__Description of the task__
Nothing but a verbatim copy of the data, minus the images, should be returned.

Input data START

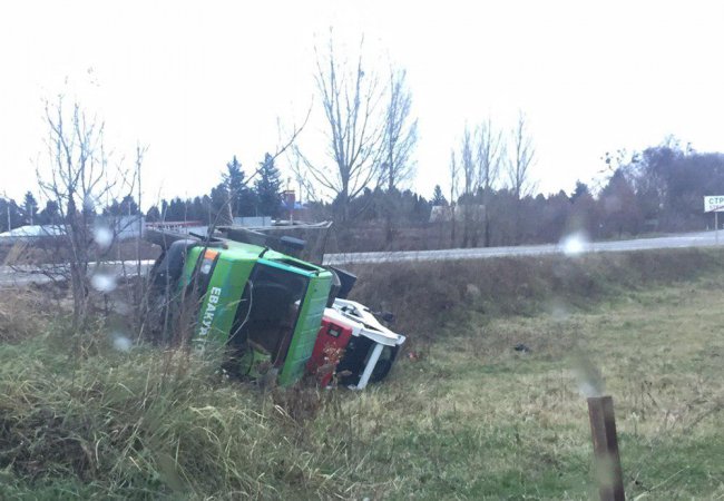 Автомобіль-евакуатора та машина Bobcat, що була прилаштована вгорі на першій, з’їхали у кювет і перевернулися на бік. Обидва авто зазнали незначних механічних пошкоджень.
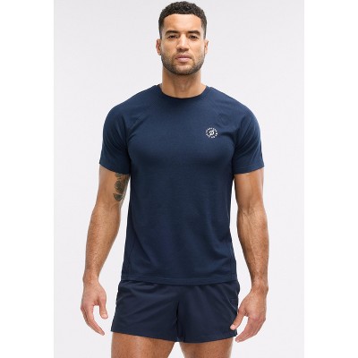 Crewneck, set-in short sleeve tee with mesh inset at back yoke. 91% Polyester, 9% Spandex. Peloton wordmark graphic at left chest. Imported. Size and Fit:. Classic Fit: Easy silhouette that floats away from the body. Devin is 6’2" height, 41 ½" chest, 32" waist, 32" inseam, wearing a size M. Made For: Bike, Tread, Row, Bootcamp, Strength, Yoga, Everyday.
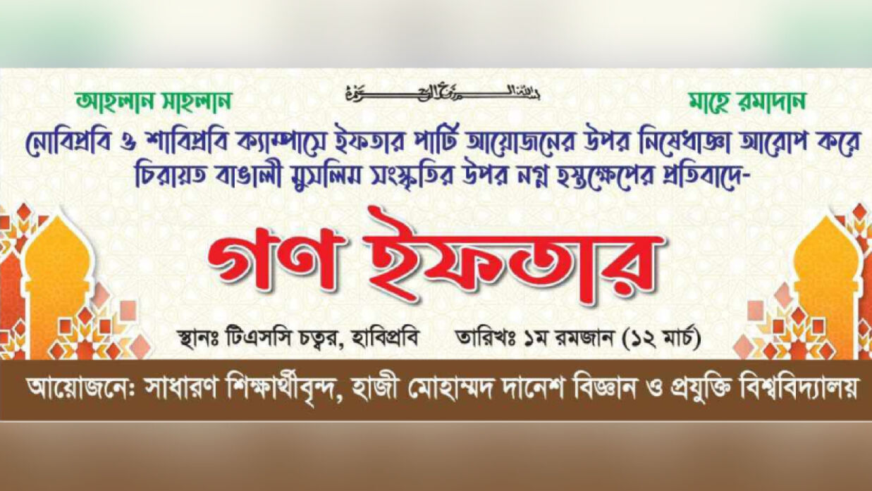 নোয়াখালী বিজ্ঞান ও প্রযুক্তি বিশ্ববিদ্যালয় (নোবিপ্রবি) ও শাহজালাল বিজ্ঞান ও প্রযুক্তি বিশ্ববিদ্যালয় (শাবিপ্রবি) ক্যাম্পাসে ইফতার পার্টি আয়োজনের উপর নিষেধাজ্ঞা আরোপ করে চিরায়ত বাঙালি মুসলিম সংস্কৃতির উপর নগ্ন হস্তক্ষেপের প্রতিবাদে গণ-ইফতারের আয়োজন করেছে হাজী মোহাম্মদ দানেশ বিজ্ঞান ও প্রযুক্তি বিশ্ববিদ্যালয়ের সাধারণ শিক্ষার্থীরা।
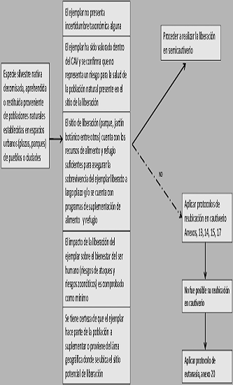 -- Protocolos de rehabilitación acorde con los requerimientos del Grupo taxonómico a trabajar y las disposiciones señaladas en la materia por el Ministerio de Ambiente, Vivienda y Desarrollo Territorial.

Input data END

__Output below__
 Автомобіль-евакуатора та машина Bobcat, що була прилаштована вгорі на першій, з’їхали у кювет і перевернулися на бік. Обидва авто зазнали незначних механічних пошкоджень.
 Crewneck, set-in short sleeve tee with mesh inset at back yoke. 91% Polyester, 9% Spandex. Peloton wordmark graphic at left chest. Imported. Size and Fit:. Classic Fit: Easy silhouette that floats away from the body. Devin is 6’2" height, 41 ½" chest, 32" waist, 32" inseam, wearing a size M. Made For: Bike, Tread, Row, Bootcamp, Strength, Yoga, Everyday.
 নোয়াখালী বিজ্ঞান ও প্রযুক্তি বিশ্ববিদ্যালয় (নোবিপ্রবি) ও শাহজালাল বিজ্ঞান ও প্রযুক্তি বিশ্ববিদ্যালয় (শাবিপ্রবি) ক্যাম্পাসে ইফতার পার্টি আয়োজনের উপর নিষেধাজ্ঞা আরোপ করে চিরায়ত বাঙালি মুসলিম সংস্কৃতির উপর নগ্ন হস্তক্ষেপের প্রতিবাদে গণ-ইফতারের আয়োজন করেছে হাজী মোহাম্মদ দানেশ বিজ্ঞান ও প্রযুক্তি বিশ্ববিদ্যালয়ের সাধারণ শিক্ষার্থীরা।
 -- Protocolos de rehabilitación acorde con los requerimientos del Grupo taxonómico a trabajar y las disposiciones señaladas en la materia por el Ministerio de Ambiente, Vivienda y Desarrollo Territorial.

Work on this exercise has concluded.